Литмир - Электронная Библиотека

«Откуда это? – подумал сановник. – И почиститься лень».

– Так. Значит, небытие, – задумчиво сказал человек.

– Небытие, – как эхо, не открывая глаз, отозвался Чёрт.

– Или вечная жизнь.

– Или вечная жизнь.

Долго думал умерший. Там уже и панихиду отслужили, а он всё думал. И те, кто видели на подушке его необыкновенно строгое, серьёзное лицо, никак не предполагали, что за странные сны развеваются над холодным черепом. И Чёрта не видели. Курился, растворяясь, последний ладан, пахло притушенными восковыми свечами, и ещё чем-то как будто пахло.

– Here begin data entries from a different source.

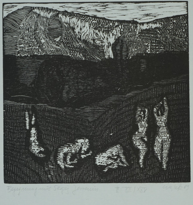 Galerie Begegnung mit Sergej JesseninHolzschnitt, 20,7x20,7 37,3x36,0 cm, II XII/XXV 1989Neumann Walek
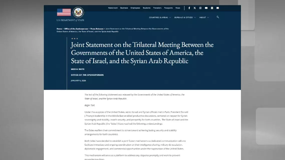 The U.S. Department of State issued on Tuesday a joint statement on the trilateral meeting between the U.S., Israel and Syria on security arrangement after conclusion of the meeting in Paris.
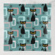 Colorful abstract Mid Century style pattern with black cat, black stars and colorful (blue, white, pink) cubes decoration on turquoise background for every cat lover, cat mom and cat dad.

– Вечная жизнь, – не открывая глаз, задумчиво повторил Чёрт. – Объясни ему получше, что значит вечная жизнь: ты плохо, говорит, объясняешь, – а разве он, дурак, когда-нибудь поймёт…

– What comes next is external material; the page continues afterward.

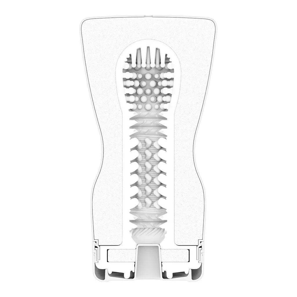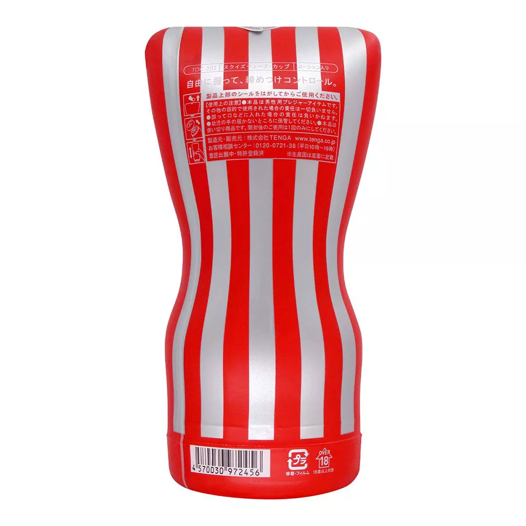 A sorozat többféle érzékenységi fokozatot kínál, a Squeeze Tube Cup ebben a „Standard” változat, vagyis a klasszikus, kiegyensúlyozott stimulációt biztosító verzió. Ami igazán egyedivé teszi, az a rugalmas tok: ennek a kialakítása lehetővé teszi, hogy az ujjaiddal pontosan ott és úgy szabályozd a nyomást, ahol az neked jól esik. Finomabb vagy erőteljesebb masszírozás? Rajtad múlik.

– Это вы про меня? – с надеждой спросил сановник.

– Так, вообще. Моё дело маленькое, но как посмотришь на всё на это…

Чёрт уныло замотал головой. Сановник также в знак сочувствия покачал головой и сказал:

– Вы, видимо, не удовлетворены, и если я, со своей стороны…

– Прошу вас не касаться моей личной жизни, – вспылил Чёрт. – И вообще, скажите, пожалуйста, кто из нас Чёрт: вы или я? Вас спрашивают, вы и отвечайте: жизнь или смерть?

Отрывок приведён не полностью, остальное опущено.